▸ **Task description**: In the answer, each line from the top of the material through the line that contains "This bingo card" is restated exactly. No picture is given again.

++++ Recorded information ++++

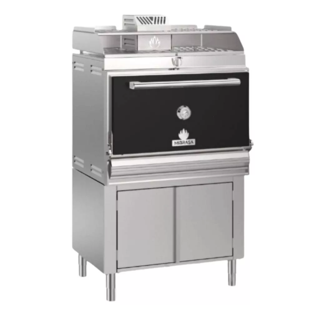 Mibrasa állványos, faszenes sütő, zárt grill. Melegentartó polccal és alsó tárolóval, légáramlás szabályzóval. Alsó fűtött szekrénnyel, a szekrény hőmérséklete 50-70°C között van, optimalizálva a sütő maradékhőjét. Több színben elérhető, így minden konyhához megtalálható a tökéletes stílus.
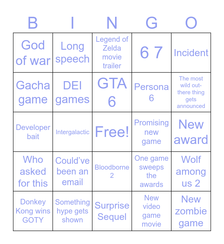This bingo card has a free space and 24 words: Could’ve been an email, Something hype gets shown, GTA 6, Donkey Kong wins GOTY, Incident, God of war, Gacha game, Long speech, Promising new game, Bloodborne 2, Persona 6, Developer bait, One game sweeps the awards, Wolf among us 2, DEI games, New video game movie, New award, Legend of Zelda movie trailer, The most wild out-there thing gets announced, Intergalactic, New zombie game, Who asked for this, 6 7 and Surprise Sequel.
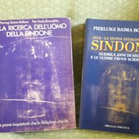 Descrizione:Alla ricerca dell'uomo della Sindone (Mondadori 1978); 2015 La nuova indagine sulla Sindone (Priuli&Verlucca 2015). Pierluigi Baima Bollone (link Treccani allegato) ha davvero dedicato parte della sua esistenza all'indagine di questo fenomeno culturale. Leggendo questi due libri (tenuti molto bene) si ha una duplice sensazione: da un lato si rimane coinvolti in un'indagine molto più scientifica di quanto si pensi, dall'altro si assiste all'evolversi di una vera e propria ossessione. Credo che le persone come Bollone siano fatalmente attratte da uno spirito di ricerca che travalica gli argomenti investigati. In questo caso, essendo l'oggetto in esame comunque affascinante, è piacevole seguire l'autore nella sua dettagliatissima disamina. (PS. Nelle foto le copertine sembrano sciupate ma NON lo sono per due motivi: 1) riprendono una scansione della Sindone; 2) il mio telefono è più consunto della Sindone.

++++

▸ **Exercise output**:
 Mibrasa állványos, faszenes sütő, zárt grill. Melegentartó polccal és alsó tárolóval, légáramlás szabályzóval. Alsó fűtött szekrénnyel, a szekrény hőmérséklete 50-70°C között van, optimalizálva a sütő maradékhőjét. Több színben elérhető, így minden konyhához megtalálható a tökéletes stílus.
This bingo card has a free space and 24 words: Could’ve been an email, Something hype gets shown, GTA 6, Donkey Kong wins GOTY, Incident, God of war, Gacha game, Long speech, Promising new game, Bloodborne 2, Persona 6, Developer bait, One game sweeps the awards, Wolf among us 2, DEI games, New video game movie, New award, Legend of Zelda movie trailer, The most wild out-there thing gets announced, Intergalactic, New zombie game, Who asked for this, 6 7 and Surprise Sequel.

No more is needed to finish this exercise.